The biological regulation of EV cargoes in skeletal muscle wasting

It is now well recognized that EVs can deliver their cargoes to various organs including the skeletal muscle, having a profound influence on these tissues and playing a pivotal role in tissue‐to‐tissue communication. The most studied EV cargoes related to skeletal muscle wasting are noncoding RNA species and proteins, and they can play either a pro‐wasting or anti‐wasting role in the process of skeletal muscle wasting (Figure 1).

EV cargoes and skeletal muscle wasting. EVs derived from parental cells carry diversified functional biomolecules, exerting either pro‐wasting or anti‐wasting role upon assimilation by the skeletal muscle cells.
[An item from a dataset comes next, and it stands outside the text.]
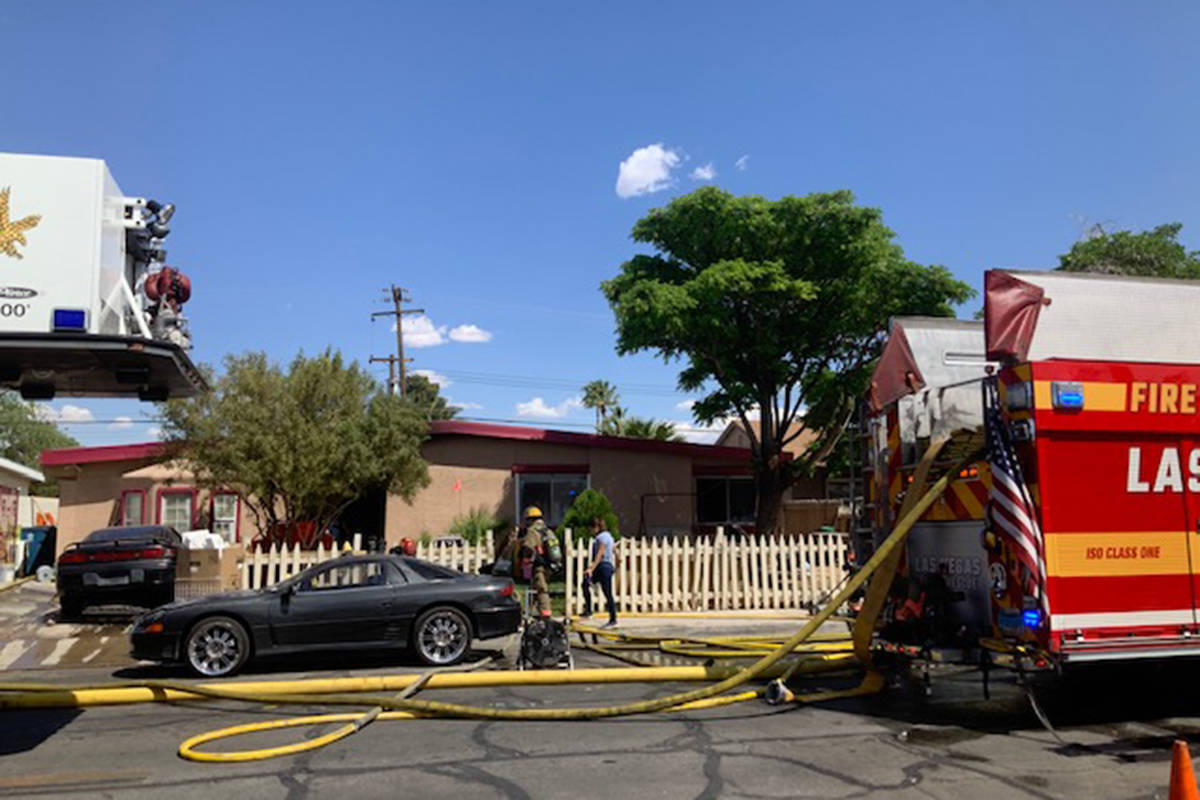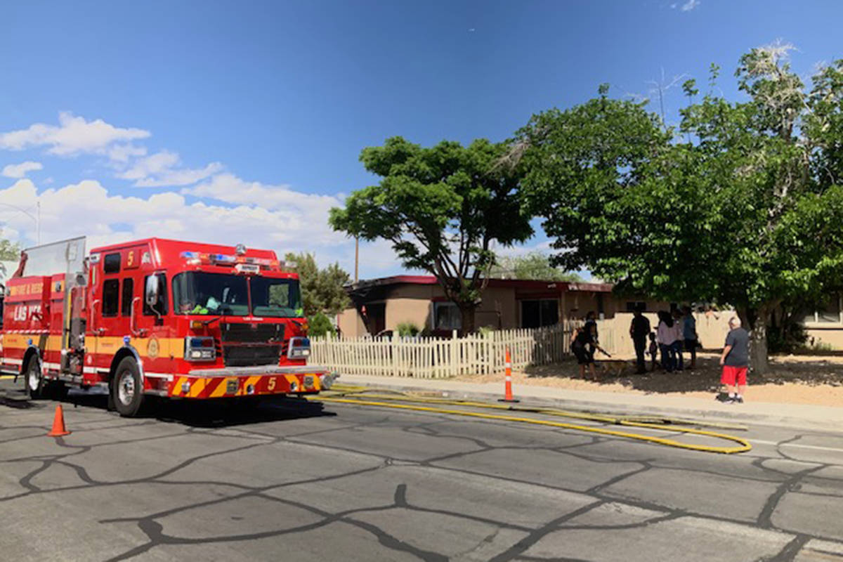 Firefighters responded just before 1:45 p.m. to a home on the 2000 block of Las Verdes Street, near Oakey and Valley View boulevards, according to the Las Vegas Fire Department Twitter account.

These cargoes are mainly in the form of miRNAs and proteins, packaged into the lumen or loaded on the surface of EVs. Once delivered to the acceptant cells, they can activate or deactivate selective transcription factors through receptor‐mediated or non‐receptor‐mediated signalling transduction. These transcription factors then promote or inhibit the expression of genes encoding components of the ubiquitin‐proteasome system, autophagy system, or apoptosis system, leading to the protection or destruction of myofibrillar proteins. Loss of myofibrillar proteins results in muscle wasting eventually. IL‐6, Interleukin‐6; HMGB1, High Mobility Group Protein B1; PAI‐1, Plasminogen Activator Inhibitor‐1; GDF‐15, Growth Differentiation Factor‐15; Hsp, Heat shock protein.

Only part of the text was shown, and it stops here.